### Task objective
Your copy should begin with the line containing "Deepest 05505 LRV 5.6", end with the line containing "The Rochdale Canal at Walsden", match the listing below exactly, and contain no pictures.

### Excerpted records
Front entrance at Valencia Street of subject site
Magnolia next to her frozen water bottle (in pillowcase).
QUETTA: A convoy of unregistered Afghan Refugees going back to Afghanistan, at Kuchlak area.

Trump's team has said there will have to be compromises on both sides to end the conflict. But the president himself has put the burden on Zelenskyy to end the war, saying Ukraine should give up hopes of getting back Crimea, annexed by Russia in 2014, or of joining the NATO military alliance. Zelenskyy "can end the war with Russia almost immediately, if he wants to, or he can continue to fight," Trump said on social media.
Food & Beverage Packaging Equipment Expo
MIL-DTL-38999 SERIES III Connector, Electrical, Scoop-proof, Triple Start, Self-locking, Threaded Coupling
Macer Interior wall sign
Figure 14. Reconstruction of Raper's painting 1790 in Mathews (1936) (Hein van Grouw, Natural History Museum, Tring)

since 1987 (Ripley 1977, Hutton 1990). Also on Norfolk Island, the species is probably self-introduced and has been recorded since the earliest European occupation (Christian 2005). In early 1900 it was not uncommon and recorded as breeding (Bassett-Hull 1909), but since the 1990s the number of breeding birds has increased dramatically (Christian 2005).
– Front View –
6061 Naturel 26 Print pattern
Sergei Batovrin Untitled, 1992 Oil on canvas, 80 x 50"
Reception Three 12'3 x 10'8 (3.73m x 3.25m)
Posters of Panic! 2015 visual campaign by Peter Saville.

* * *

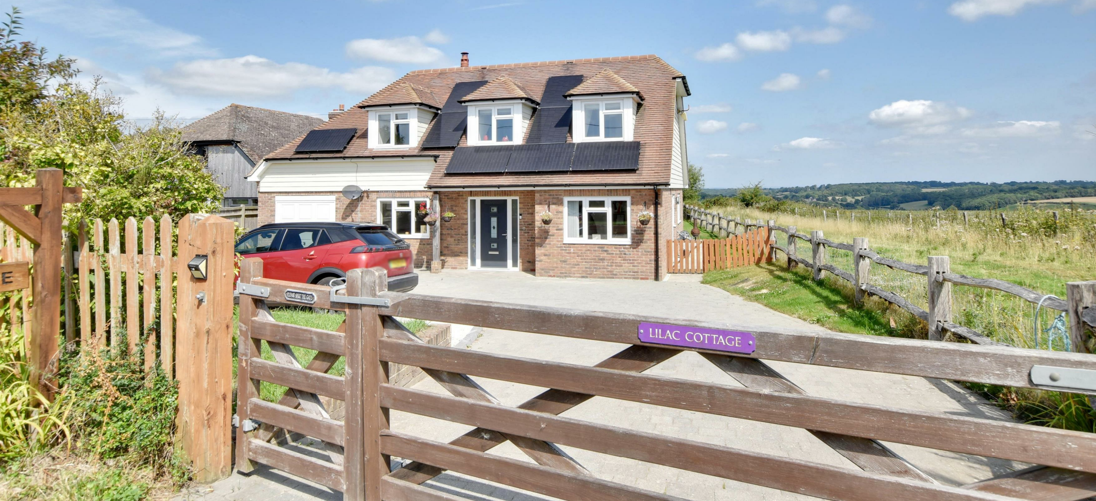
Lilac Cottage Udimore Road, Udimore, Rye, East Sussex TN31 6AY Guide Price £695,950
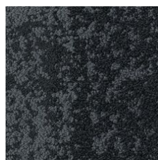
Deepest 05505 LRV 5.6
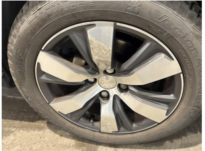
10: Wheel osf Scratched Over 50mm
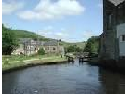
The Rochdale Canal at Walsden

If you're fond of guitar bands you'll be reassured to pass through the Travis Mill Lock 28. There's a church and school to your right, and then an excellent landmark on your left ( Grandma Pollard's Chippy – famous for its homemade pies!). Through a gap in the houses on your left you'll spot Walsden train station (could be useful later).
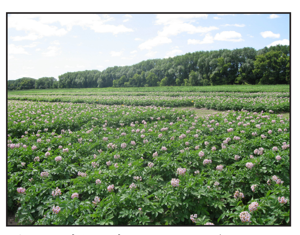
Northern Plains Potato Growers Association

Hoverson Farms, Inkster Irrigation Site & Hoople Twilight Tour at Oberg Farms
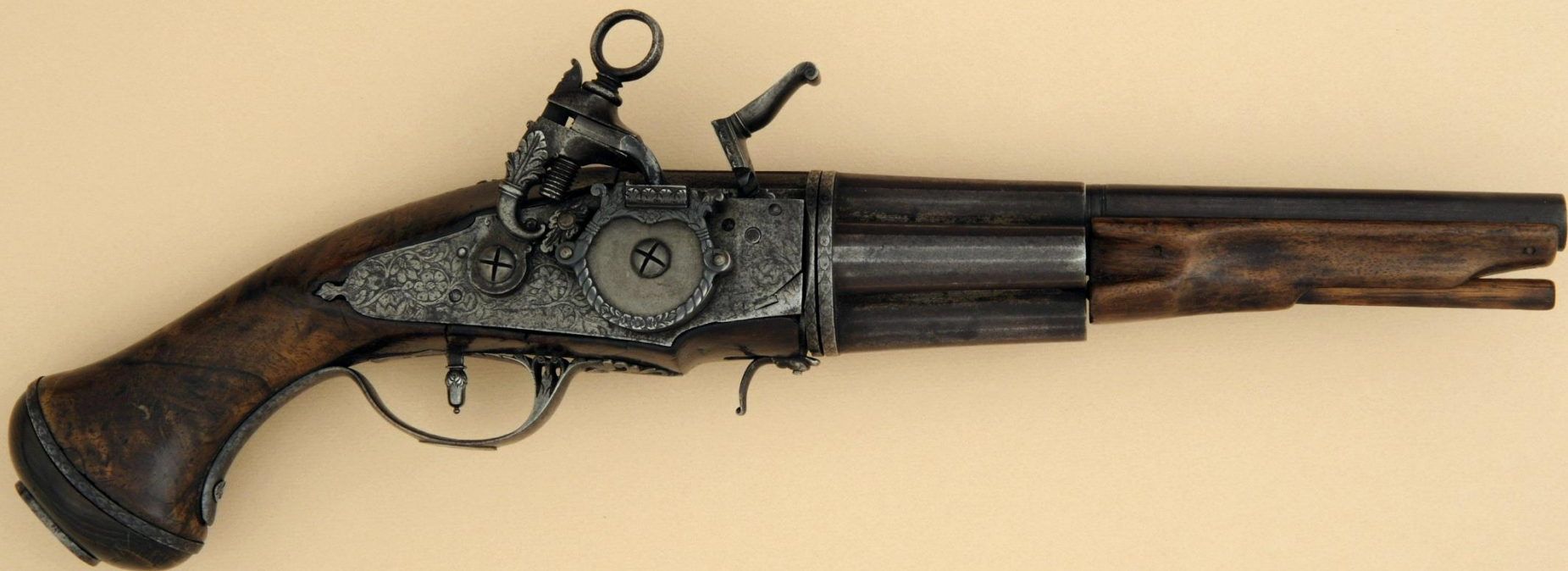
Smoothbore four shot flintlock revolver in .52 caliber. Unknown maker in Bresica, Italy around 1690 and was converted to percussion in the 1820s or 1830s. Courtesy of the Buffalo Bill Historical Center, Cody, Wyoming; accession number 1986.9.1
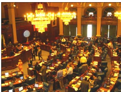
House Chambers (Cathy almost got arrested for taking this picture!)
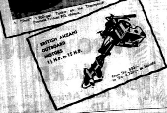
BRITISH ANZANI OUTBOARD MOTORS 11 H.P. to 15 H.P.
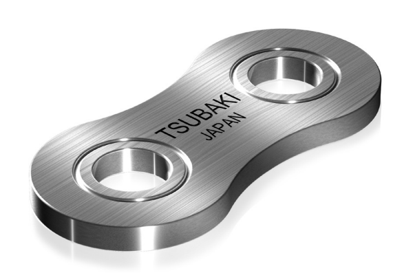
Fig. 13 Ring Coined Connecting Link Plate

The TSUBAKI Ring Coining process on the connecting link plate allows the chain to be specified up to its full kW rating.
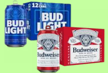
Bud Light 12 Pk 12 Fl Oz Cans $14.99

...

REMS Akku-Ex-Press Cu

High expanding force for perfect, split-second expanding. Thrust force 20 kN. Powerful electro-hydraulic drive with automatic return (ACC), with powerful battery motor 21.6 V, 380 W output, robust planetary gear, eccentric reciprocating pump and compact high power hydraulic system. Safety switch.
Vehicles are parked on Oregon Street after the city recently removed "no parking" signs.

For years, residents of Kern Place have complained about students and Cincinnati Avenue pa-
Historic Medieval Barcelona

### Output for this exercise
Deepest 05505 LRV 5.6
10: Wheel osf Scratched Over 50mm
The Rochdale Canal at Walsden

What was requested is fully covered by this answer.